** Opening Excerpted records block **
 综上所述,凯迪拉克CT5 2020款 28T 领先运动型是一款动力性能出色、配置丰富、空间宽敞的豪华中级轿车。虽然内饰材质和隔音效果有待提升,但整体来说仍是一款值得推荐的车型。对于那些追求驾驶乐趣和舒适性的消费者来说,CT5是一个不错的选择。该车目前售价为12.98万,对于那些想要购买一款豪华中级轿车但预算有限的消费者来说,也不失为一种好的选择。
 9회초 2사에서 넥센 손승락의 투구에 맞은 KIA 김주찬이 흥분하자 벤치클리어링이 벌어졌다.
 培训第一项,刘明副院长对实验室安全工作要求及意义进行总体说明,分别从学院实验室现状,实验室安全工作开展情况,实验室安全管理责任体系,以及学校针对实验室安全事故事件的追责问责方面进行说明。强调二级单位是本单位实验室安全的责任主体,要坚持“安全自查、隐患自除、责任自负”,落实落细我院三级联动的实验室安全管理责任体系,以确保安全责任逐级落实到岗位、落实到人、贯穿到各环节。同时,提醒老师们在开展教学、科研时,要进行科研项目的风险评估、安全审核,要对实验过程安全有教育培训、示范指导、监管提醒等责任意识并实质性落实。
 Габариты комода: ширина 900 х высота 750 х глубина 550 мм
** Closing Excerpted records block **
** Opening Excerpted records block **
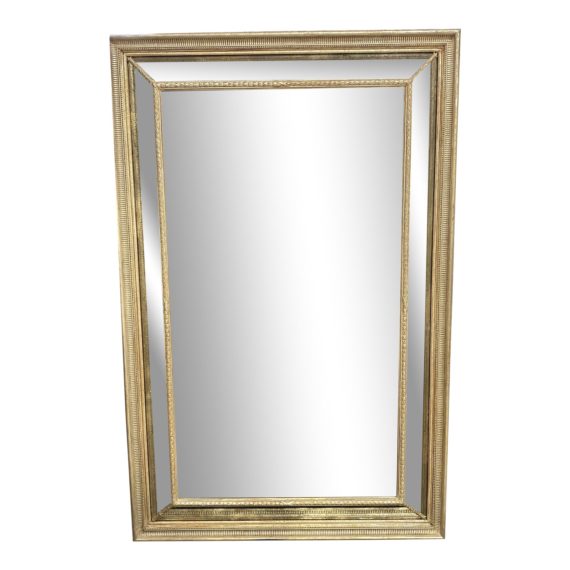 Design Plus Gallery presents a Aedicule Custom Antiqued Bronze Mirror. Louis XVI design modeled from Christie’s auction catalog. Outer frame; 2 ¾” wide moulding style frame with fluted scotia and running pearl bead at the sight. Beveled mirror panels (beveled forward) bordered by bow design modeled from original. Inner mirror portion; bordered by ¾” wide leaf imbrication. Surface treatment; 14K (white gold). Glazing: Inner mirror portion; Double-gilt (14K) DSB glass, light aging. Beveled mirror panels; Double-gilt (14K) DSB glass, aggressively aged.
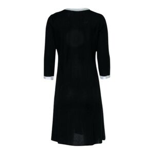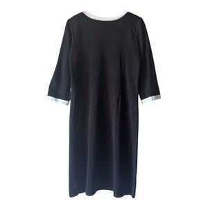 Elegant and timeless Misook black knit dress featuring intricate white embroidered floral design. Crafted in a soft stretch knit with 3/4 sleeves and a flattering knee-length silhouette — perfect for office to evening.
** Closing Excerpted records block **
• **Instructions to follow**:
Look above for the line with "9회초 2사에서 넥센"; retype exactly that line, every line after it up to the line with "Габариты комода: ширина 900", and that line too, nothing else.

• **Reply**:
 9회초 2사에서 넥센 손승락의 투구에 맞은 KIA 김주찬이 흥분하자 벤치클리어링이 벌어졌다.
 培训第一项,刘明副院长对实验室安全工作要求及意义进行总体说明,分别从学院实验室现状,实验室安全工作开展情况,实验室安全管理责任体系,以及学校针对实验室安全事故事件的追责问责方面进行说明。强调二级单位是本单位实验室安全的责任主体,要坚持“安全自查、隐患自除、责任自负”,落实落细我院三级联动的实验室安全管理责任体系,以确保安全责任逐级落实到岗位、落实到人、贯穿到各环节。同时,提醒老师们在开展教学、科研时,要进行科研项目的风险评估、安全审核,要对实验过程安全有教育培训、示范指导、监管提醒等责任意识并实质性落实。
 Габариты комода: ширина 900 х высота 750 х глубина 550 мм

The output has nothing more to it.